Wall Street analysts are quite bullish on two leaders among the tech world: Apple Inc. (NASDAQ:AAPL) and Alphabet Inc (NASDAQ:GOOGL). Pacific Crest analyst urges investors to buy AAPL shares as iPhone supply and demand steadily impress, whereas a top analyst from Jefferies positively previews GOOGL’s big set of software device announcements that he believes will bring good tidings to Alphabet investors.
Apple iPhone supply and demand continue to ride a “solid” tide of encouraging upswing, Pacific Crest analyst Andy Hargreaves remains bullish on the tech titan with a word to the wise: “We recommend buying AAPL.”
As the analyst’s supply checks exhibit a “slight uptick in iPhone production” and as “anecdotal demand indicators remain positive, in our view,” Hargreaves reiterates an Overweight rating on shares of AAPL with a $121 price target, which represents a nearly 8% upside from where the stock is currently trading.
For the fiscal fourth quarter, Hargreaves projects an iPhone sell-in count of 43.8 million, and the analyst expects that number to rise to 73.3 million by the fiscal first quarter, with possibilities for “modest upside” come AAPL’s fiscal first quarter “if demand remains healthy.”
“We believe iPhone demand remains consistent with our sell-in expectations, which suggests Apple should meet or beat our overall estimates through 2016. This, along with optimism around the 2017 iPhone cycle, creates a favorable risk/reward around the stock, in our view,” Hargreaves concludes.
The analyst anticipates iPhone sales trends that will only continue to rise, persistent app store success, and a balance amid additional hardware categories that could very well as key drivers to help AAPL attain an EPS beat throughout the next year.
According to TipRanks, which measures analysts’ and bloggers’ success rate based on how their calls perform, five-star analyst Andy Hargreaves is ranked #168 out of 4,197 analysts.

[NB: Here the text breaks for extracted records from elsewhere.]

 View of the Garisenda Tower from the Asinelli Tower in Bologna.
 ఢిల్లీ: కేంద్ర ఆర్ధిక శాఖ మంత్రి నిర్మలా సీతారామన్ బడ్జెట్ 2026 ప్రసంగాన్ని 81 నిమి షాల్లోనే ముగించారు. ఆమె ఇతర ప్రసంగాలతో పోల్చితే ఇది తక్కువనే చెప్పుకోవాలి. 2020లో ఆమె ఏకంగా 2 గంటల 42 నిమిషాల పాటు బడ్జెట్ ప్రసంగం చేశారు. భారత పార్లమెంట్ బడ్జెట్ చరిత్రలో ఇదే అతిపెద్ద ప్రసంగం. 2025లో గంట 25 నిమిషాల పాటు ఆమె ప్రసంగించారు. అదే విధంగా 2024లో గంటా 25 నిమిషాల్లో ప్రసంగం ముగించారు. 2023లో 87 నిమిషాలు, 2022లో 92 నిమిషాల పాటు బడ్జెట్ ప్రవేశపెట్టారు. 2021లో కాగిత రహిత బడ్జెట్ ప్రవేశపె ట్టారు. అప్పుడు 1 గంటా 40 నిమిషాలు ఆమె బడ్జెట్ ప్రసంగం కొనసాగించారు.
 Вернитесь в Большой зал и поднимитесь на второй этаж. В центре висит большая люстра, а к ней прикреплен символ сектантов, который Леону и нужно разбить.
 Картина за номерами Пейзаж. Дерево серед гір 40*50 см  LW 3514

Hargreaves has a 61% success rate and garners 16.4% in his annual returns. When recommending AAPL, Hargreaves earns 20.7% in average profits on the stock.
TipRanks analytics indicate AAPL as a Strong Buy. Based on 36 analysts polled in the last 3 months, 31 rate a Buy on AAPL, 4 maintain a Hold, while 1 issues a Sell. The 12-month average price target stands at $128.41, marking a 14% upside from where the shares last closed.

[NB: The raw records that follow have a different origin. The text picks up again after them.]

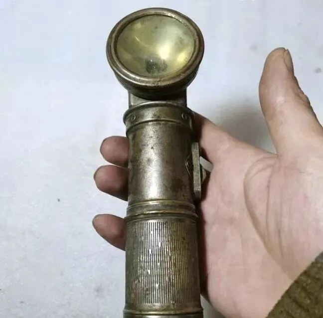 大哥大姐们, 这老式手电筒在当年可是个宝贝疙瘩, 这玩意黄铜做的, 拿手里沉甸甸的特有分量, 那时候晚上出门走夜路全靠它, 谁家要是有个这样的手电筒那可了不得, 现在都用LED手电了, 这玩意早就淘汰了, 可那时候拿着手电筒照路, 跟小伙伴们一起走夜路的胆子和乐趣, 现在的孩子是体会不到了。
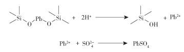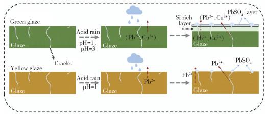 图 11 釉层铅流失及腐蚀产物硫酸铅生成反应Fig. 11 Lead loss in the glaze layer and formation reaction of the corrosion product lead sulfate |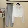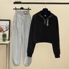 Jesienny Garnitur Damski Nowa Wersja Koreańska Moda Krótka Drukowana Bluza na Zamek Błyskawiczny Casualowe Spodnie Dresowe Zestaw Dwuczęściowy
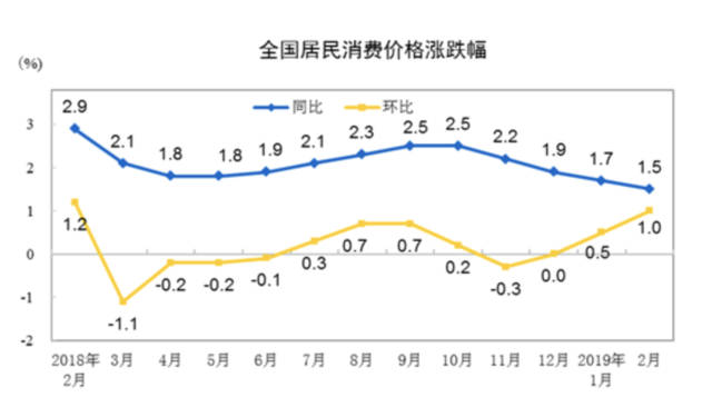 1、2019年2月份,全国居民消费价格同比上涨1.5%,这是CPI连续4个月下跌了。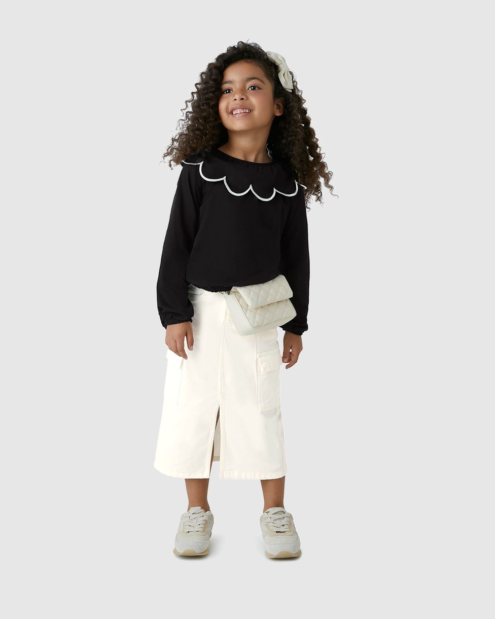 A Saia Menina Midi Cargo Em Sarja Com Elastano - Carinhoso é sinônimo de estilo e praticidade. Com uma modelagem moderna e funcional, é ideal para criar looks cheios de personalidade, acompanhando as meninas em qualquer ocasião com conforto.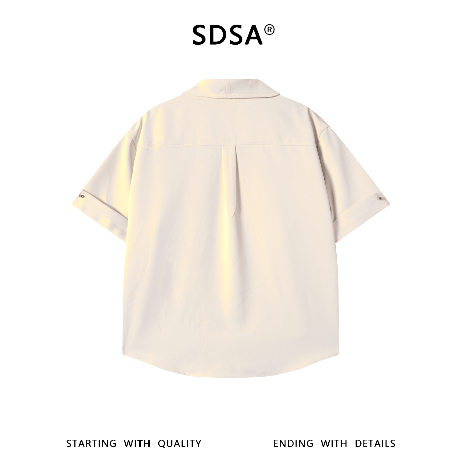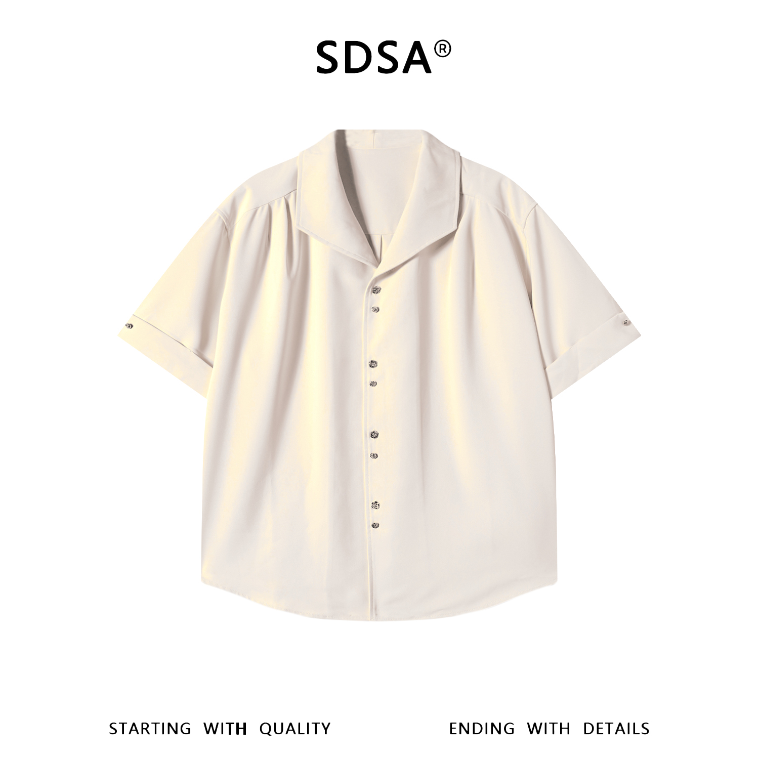 SDSA男装2026新款高贵轻奢简约纯色褶皱短袖衬衫百搭时尚休闲上衣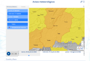 La AEMET informa que mantendrá activado el nivel de aviso naranja en el ámbito geográfico de Guadix y Baza los días 30, 31 de julio y 01 de agosto, desde las 13’00h. hasta las 21’00h. por temperaturas que podrán alcanzar los 42ºC., con una probabilidad del 40% – 70%.
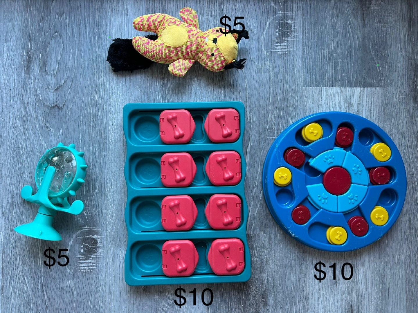 Three dog toys for sale. One plush toy, one treat puzzle, and one IQ treat ball. Good condition. Please refer to the photo for price info.

Today, Alphabet is anticipated to issue in quite an unveiling of new devices today set to exhibit and incite consumers to use its “best-in-class” software services. The Google parent company will be announcing two new flagship smartphones called Pixel and Pixel XL, configured to be direct rivals of Apple Inc.’s iPhone, a paramount Bluetooth speaker that will have the ability to respond to a user’s voice commands, a new device for both Chromecast audio coupled with video streaming, and a new OS by the name of Andromeda, merging Chrome together with Android.
Ahead of GOOGL’s new hardware bundle releases, Jefferies top analyst Brian Fitzgerald reiterates a Buy rating on GOOGL with a $1,000 price target, which represents just under a 25% increase from where the shares last closed.

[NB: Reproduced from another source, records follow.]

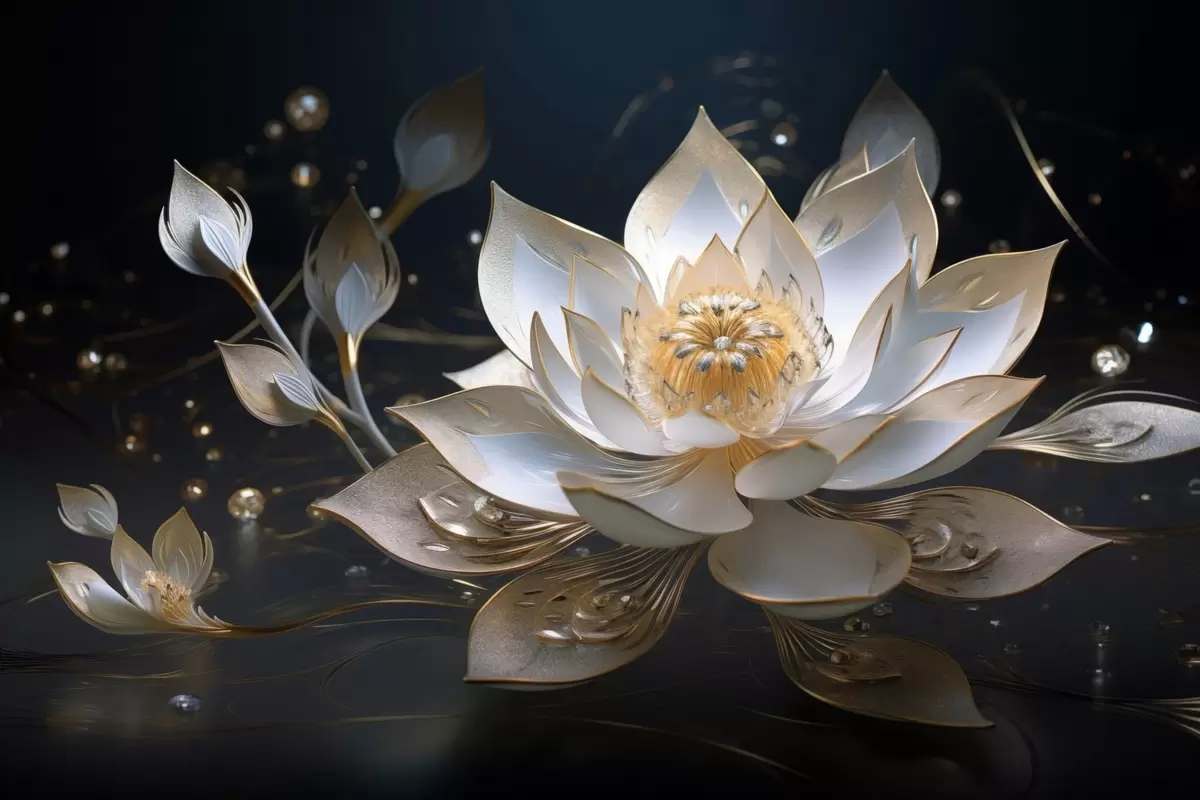 Obraz Lotos s elegantními vzory na tmavém pozadí Č. s44841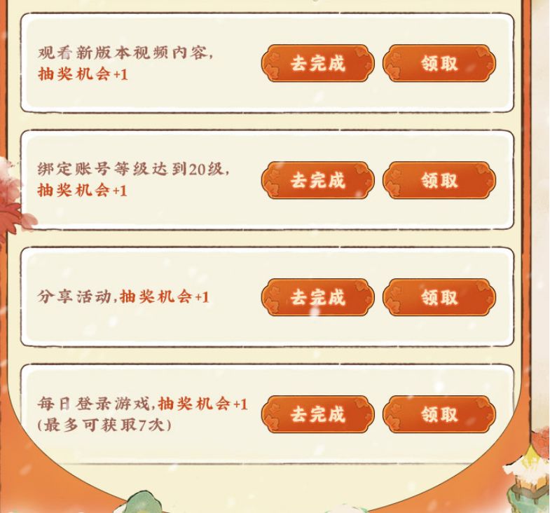 活动期间,大家只需完成观看新版本CG、提升账号等级、分享活动页面、每日登录等简单任务即可获取抽奖机会,废话不多说,大家赶紧来萝萝山薅羊毛吧~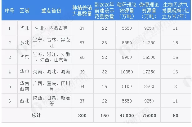 全国生物天然气建设布局中提出到2020年生物天然气示范县数量达160个,种植养殖大县数量达到300个东北地区作为农林生物质富集地区,秸秆理论资源量达到8550万吨,粪便理论资源量达到14250万吨,其生物天然气发电规模达到18亿立方米/年。

Fitzgerald believes the new Pixel flagship smartphones will be a reflection of Alphabet’s “new ‘more opinionated’ view around hardware and software design.” The analyst adds, “Google’s ambition here is not merely revenue growth, rather the devices will serve as a top-tier hardware platform to showcase and drive usage of Google’s best-in-class software services.”
In regards to the new “strategically important” Bluetooth speaker, the analyst sees the announcement as GOOGL gearing up to compete against Amazon’s Echo. Fitzgerald asserts, “Like those competitive services, Google Assistant will understand human speech (although we give Google an edge given its prowess in voice search).”
When assessing the new Chromecast Ultra, which will be able to support 4K streaming, “We suspect the product will be integrated with Google Home, which could allow a user to control videos on the TV by speaking voice commands,” Fitzgerald contends.
As the analyst evaluates GOOGL previewing this significant release of savvy new devices, Fitzgerald predicts, “Because of the strategic nature of these hardware products, investors could see multiple expansion if they are successful.”
As usual, we like to include the analyst’s track record when reporting on new analyst notes to give a perspective on the effect it has on stock performance. According to TipRanks, top five-star analyst Brian Fitzgerald has achieved a high ranking of #60 out of 4,197 analysts. Fitzgerald upholds a 71% success rate and yields 22.2% in his yearly returns. When recommending GOOGL, Fitzgerald realizes 38.8% in average profits on the stock.
TipRanks analytics demonstrate GOOGL as a Strong Buy. Based on 32 analysts polled in the last 3 months, 31 rate a Buy on GOOGL, while 1 issues a Sell. The consensus price target stands at $943.36, marking a nearly 18% upside from where the stock is currently trading.